Four of the six artists who created the mural celebrating the Ashcroft Art Club’s 50th anniversary, which was unveiled last week, pose with the finished painting on Railway Avenue. (from left) Sharon Rennie, Lauraleigh Hedges, Jo Petty, and Marianne Munro. Photo: Barbara Roden.

Four of the six artists who created the mural celebrating the Ashcroft Art Club’s 50th anniversary, which was unveiled last week, pose with the finished painting on Railway Avenue. (from left) Sharon Rennie, Lauraleigh Hedges, Jo Petty, and Marianne Munro. Photo: Barbara Roden.

Ashcroft Art Club celebrates 50th year with mural

The mural, on display on Railway Avenue, was somewhat delayed but is finished at last.

Anyone driving or walking northbound on Railway Avenue in Ashcroft cannot help but notice a new mural on the side of the Rolgear/Royal LePage/Sam’s Diner building, facing the parking lot. It is the last in a series of events and projects commemorating the 50th anniversary of the Ashcroft Art Club; and club vice-president Sharon Rennie says that members were glad to complete and unveil it in 2017. “I’m just glad we got it up in the club’s 50th year.”

The mural was originally intended to be unveiled for Canada Day; but the previous project—a series of painted banners for Railway Avenue—was delayed. The banners were up in time for Canada Day; but with the summer’s wildfires, the mural project was pushed back.

Rennie says that last year club members began brainstorming special events and programs for 2017. The first was a special tea for current and former club members, held before the annual art show in April; the second was the banners. The third—Rennie’s idea—was a mural commemorating the club and the flourishing art community in the area.

The mural celebrates not only painting, but photography, depicting a person with a camera. Several individual paintings are inset within the mural, and Rennie says it “just sort of happened” that each of the paintings represented a different season: spring (prickly pear cactus); summer (farm workers in a field); fall (St. Alban’s Church with an autumn tree); and winter (a snowy forest). There is also a painting of the building with the Nabob sign that used to stand at the corner of what is now Railway and Highway 97C.

The painting of the mural started in October, with Rennie, Marianne Munro, Lauraleigh Hedges, Jo Petty, Heidi Roy, and Judy Roy working on it at the Ashcroft HUB. It was painted on an aluminum substrate that is substantially lighter than plywood, and finished with five coats of varnish to help it withstand the elements. Rennie says that more than 100 hours went into the creation of the mural.

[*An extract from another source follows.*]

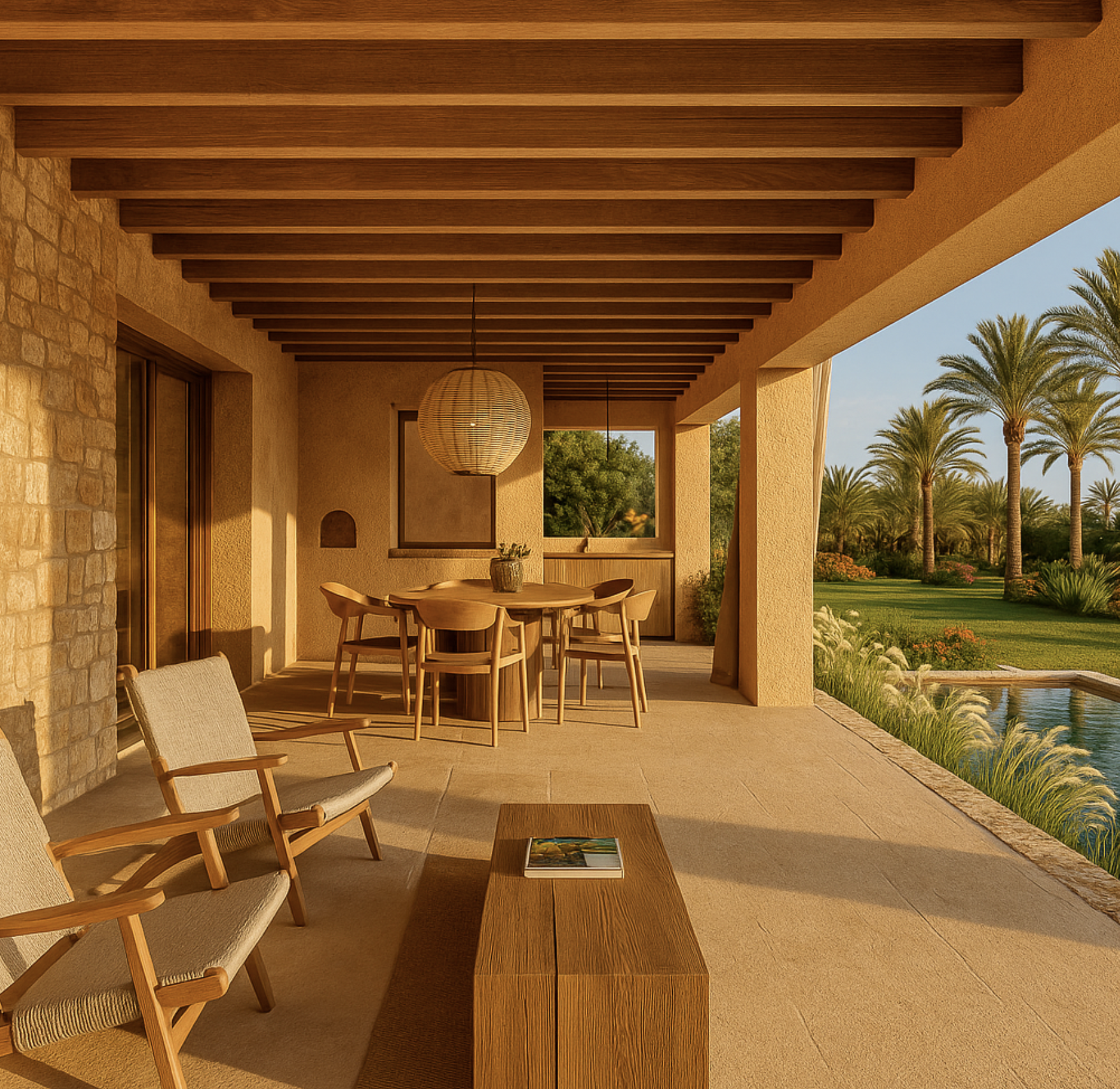 Estamos diseñando una finca absolutamente acogedora con aproximadamente 225 metros cuadrados de espacio habitable, equipada con tres dormitorios y tres baños, un salón-comedor y cocina de planta abierta salón-comedor y cocina. Las grandes puertas francesas dejan entrar la luz desde ambos lados de la casa y conectan el interior con el exterior.

The club checked with a couple of businesses to see about displaying the mural, but received no response. Then Angela Bandelli—one of the owners of the Rolgear building, as well as a member of the art club—offered space for it on the side of the building. “It’s a good spot,” says Rennie. “You can see it from way down Railway.”

The 12 banners now on display along the west side of Railway were painted by several members of the art club, with assistance from students at Desert Sands Community School, and AES Electric donated their time and a bucket truck to put them up. They represent all the different art forms undertaken by artisans in the region, including painting, sculpture, pottery, photography, and mosaics. Rennie says they should last for two to three years.

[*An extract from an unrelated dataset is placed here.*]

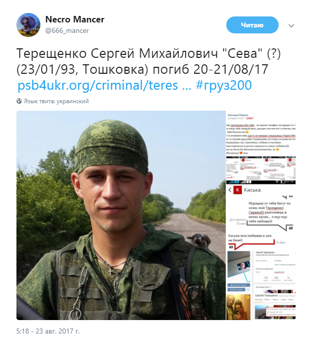 Терещенко Сергей Михайлович с позывным «Сева» был ликвидирован предположительно 20-21 августа.

She acknowledges that the banners and mural could not have been completed without generous community support. The United Way provided funding for the banners, while Second Time Around, the Ashcroft and District Lions Club, and IG Machine and Fibres provided funding for the mural.

“I hope the public artwork out there brightens the spot for people, after the year we’ve had,” says Rennie. “I hope people enjoy it. And we had fun working together.”